As the two national party conventions approach, Democrats are already charging that the Wisconsin lawmaker’s controversial budget blueprint, which presumptive GOP nominee Mitt Romney has largely endorsed, would scale back college financial aid and slash other funding for education.
Rep. Ryan’s plan seeks to put the nation on a firmer financial footing in part by dramatically curbing domestic spending. But it also sets up a clear contrast with the record of President Barack Obama, who has pumped unprecedented sums of money into education programs. That record is due in large part to the big, but time-limited, infusion of money through the 2009 economic-stimulus package.
“Having Ryan on the ticket really forces a discussion: Do we think the federal government has a role in propping up education spending in the face of cutbacks, or do we think that’s better placed in the hands of district and state officials?” said Arnold Shober, who has studied politics and education as an assistant professor of government at Lawrence University in Appleton, Wis.
Mr. Romney’s choice of Rep. Ryan, the chairman of the House Budget Committee, for the No. 2 spot on the ticket means that the seven-term congressman’s fiscal plan is likely to get a lot of airtime at both national conventions. The Republicans will gather next week in Tampa, Fla., to nominate Mr. Romney, a former governor of Massachusetts, for president. The Democrats will convene in Charlotte, N.C., the first week in September to again select Mr. Obama as their standard-bearer.
‘Disastrous’ Impact?
Presumptive GOP nominee Mitt Romney’s decision to tap U.S. Rep. Paul Ryan of Wisconsin as his running mate is likely to put a spotlight on education spending. Mr. Ryan is the author of a controversial budget blueprint that seeks to rein in domestic discretionary spending, the category that includes K-12 schools.

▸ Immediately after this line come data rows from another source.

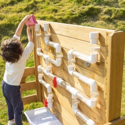 Diese zweiseitige Wand kombiniert sensorisches Wasserspiel mit STEM-Lernen. Eine Seite bietet bunte Wasserräder und Rinnen zur Beobachtung des Wasserflusses und von Ursache-Wirkungs-Zusammenhängen, die andere Seite bringt ein Netz aus transparenten und weißen Rohren mit Ventilen zur Steuerung der Durchflussmenge. Kinder trainieren Feinmotorik, logisches Denken und Zusammenarbeit.
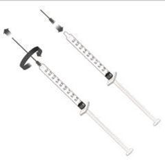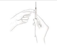 2.Ziehen Sie etwas mehr als 1.0 ml steriles Wasser für Injektionszwecke (SWFI) in eine graduierte 1-ml-Einwegspritze auf und adjustieren Sie das Volumen auf 1.0 ml.
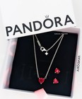 New 100% Authentic Pandora Sparling Red Heart Necklace Earrings Jewelry Gift Set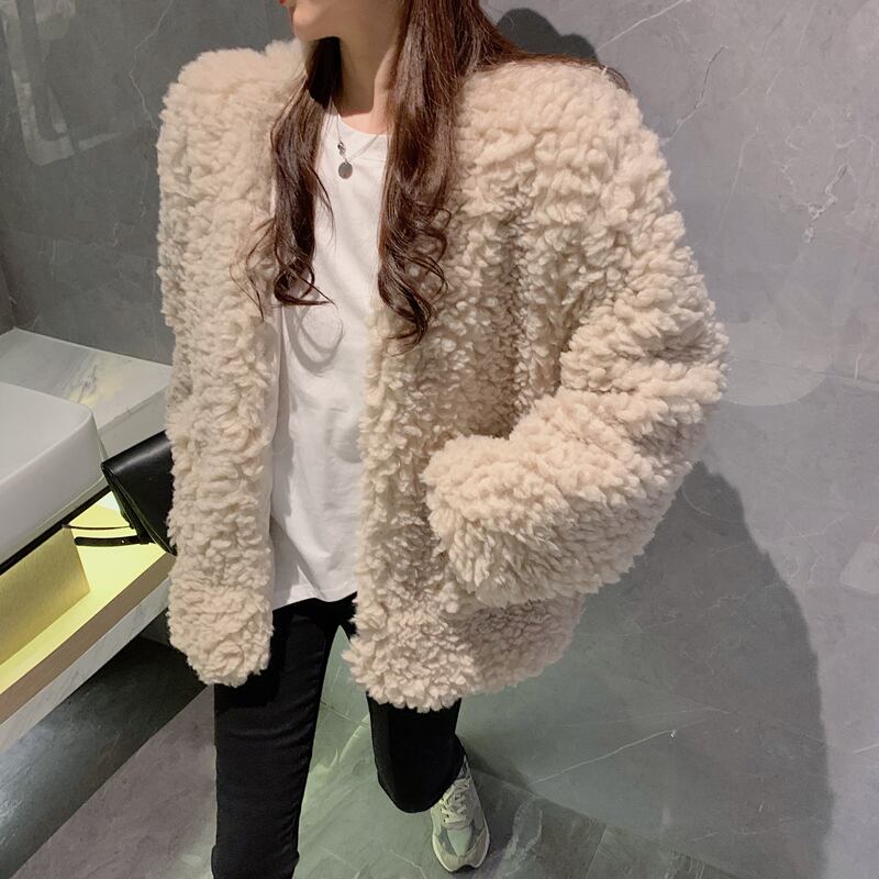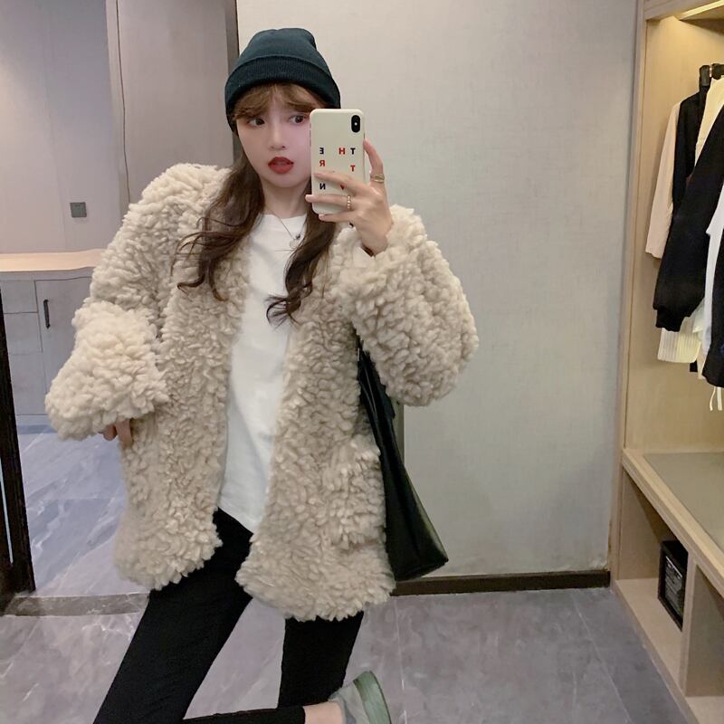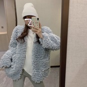 フリース カーディガン ラムウールコート ジャケットアウター 秋冬 韓国 2カラー a1575

The Ryan budget offers a sharp contrast with President Barack Obama’s budget, also unveiled this year.
The Ryan long-term budget would:
• Cut domestic discretionary spending by 22 percent in fiscal year 2014, according to an analysis by the Center for Budget and Policy Priorities;
• Change the eligibility rules for Pell Grants; and
• Potentially cut the $14.5 billion Title I program for disadvantaged students by $2.7 billion, according to an analysis by the U.S. Department of Education that Republicans dispute.
The Obama budget for fiscal 2013 would:
• Slightly boost education spending overall, including a continuation of competitive grants such as the Race to the Top; and
• Provide flat funding for key formula programs, such as Title I grants for districts and state grants for special education.

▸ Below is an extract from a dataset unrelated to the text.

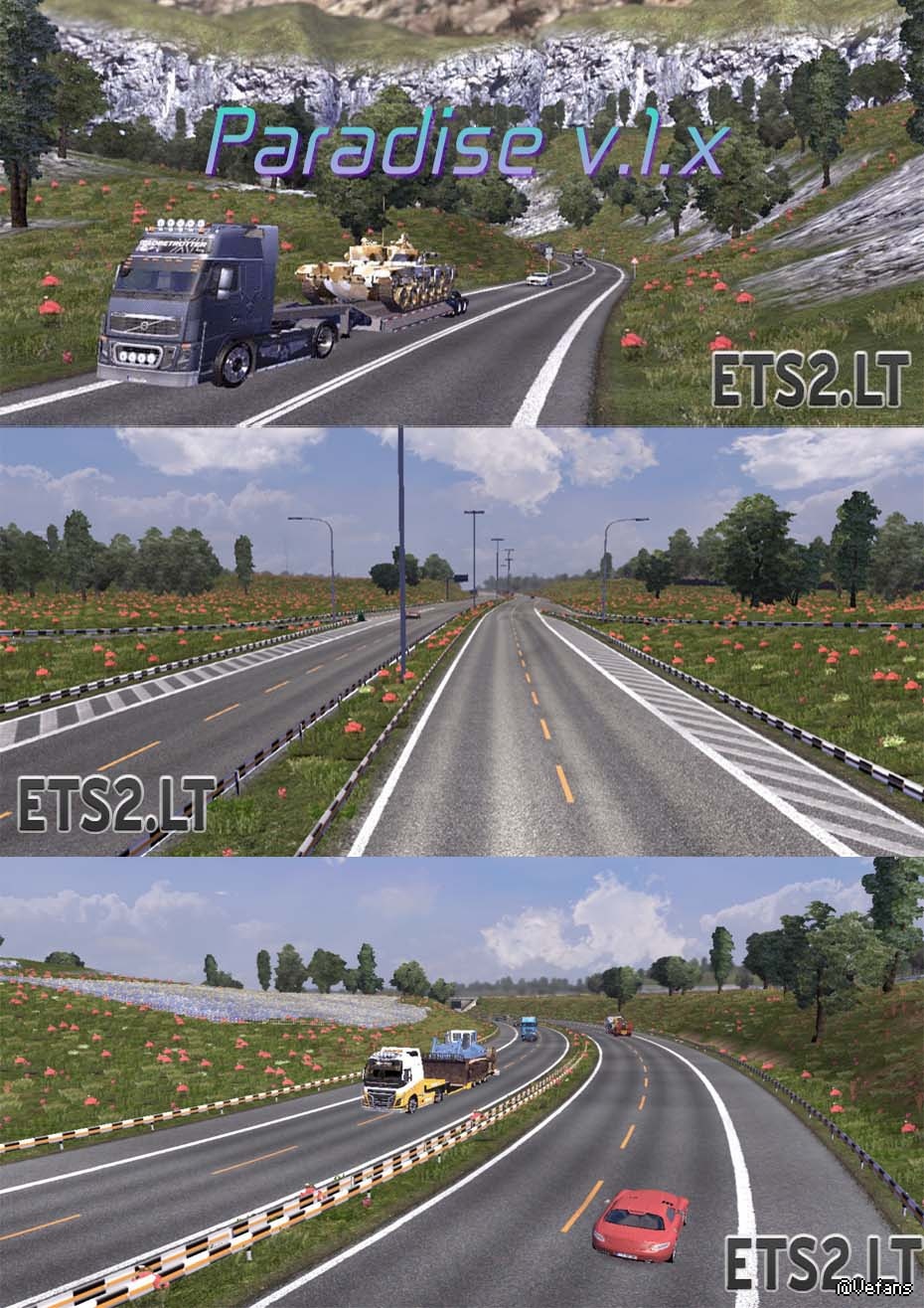 Paradise v.1.x Add-on tested and works with all Versions of ETS 2 1.4.8 TO 1.8.2.5S, TSM 4.1.2 to 4.5.4a, DLC East and all other Maps.

SOURCES: Center for Budget and Policy Priorities; New America Foundation; Education Week
Mr. Ryan’s budget plan would significantly slash domestic discretionary spending, a broad category that includes education, health, environmental, public-safety, and other programs. Taken as a whole, those programs could be cut by as much as 22 percent in fiscal year 2014, according to an analysis by the Center for Budget and Policy Priorities, a Washington organization that analyzes the effect of government policies on low- and moderate-income Americans.

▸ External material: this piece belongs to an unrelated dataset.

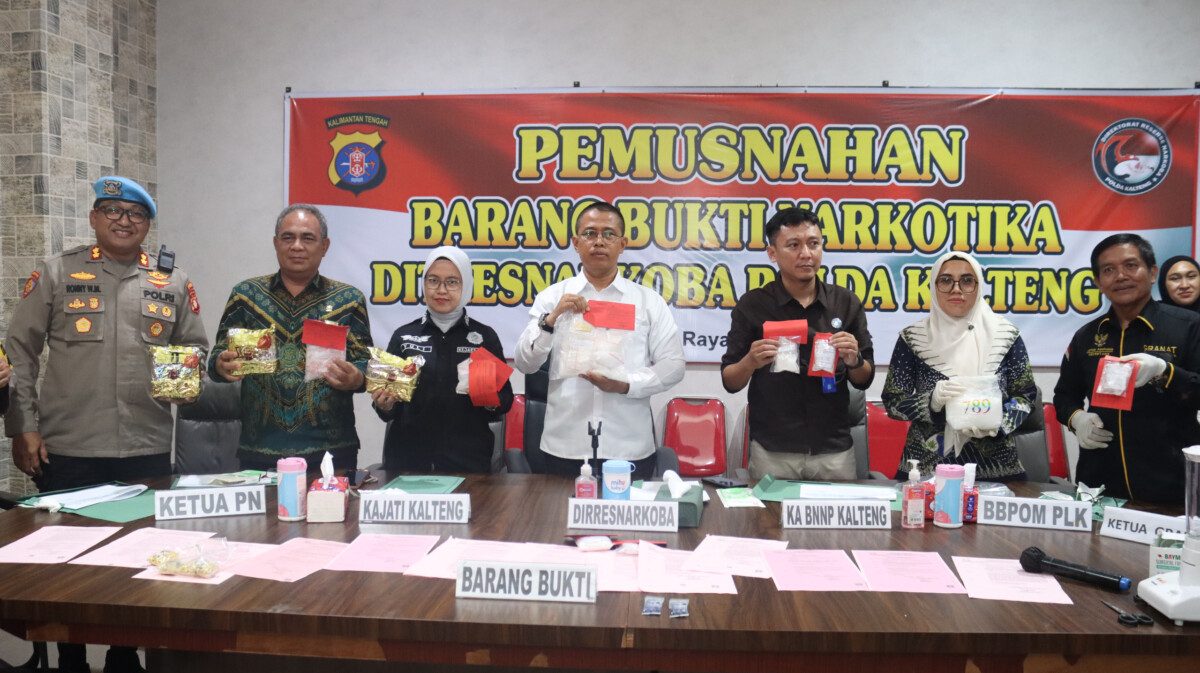 Palangka Raya, Nusaborneo.com – Pemusnahan dilakukan Direktorat Reserse Narkoba Polda Kalteng di Ruang Rapat Ditresnarkoba, Jalan Tjilik Riwut Km 1, Palangka Raya, Kamis (23/4/2026), sebagai bentuk komitmen aparat dalam memutus rantai bisnis haram narkoba di Bumi Tambun Bungai.

The House of Representatives initially passed the plan in April 2011 by a vote of 235-193, with no Democratic support. A second vote this year on a similar proposal yielded similar results. The plan aims to cut spending by more than $5 trillion over the next decade, relative to the Obama administration’s budget blueprint, while reducing tax rates, according to an analysis by the House Budget Committee.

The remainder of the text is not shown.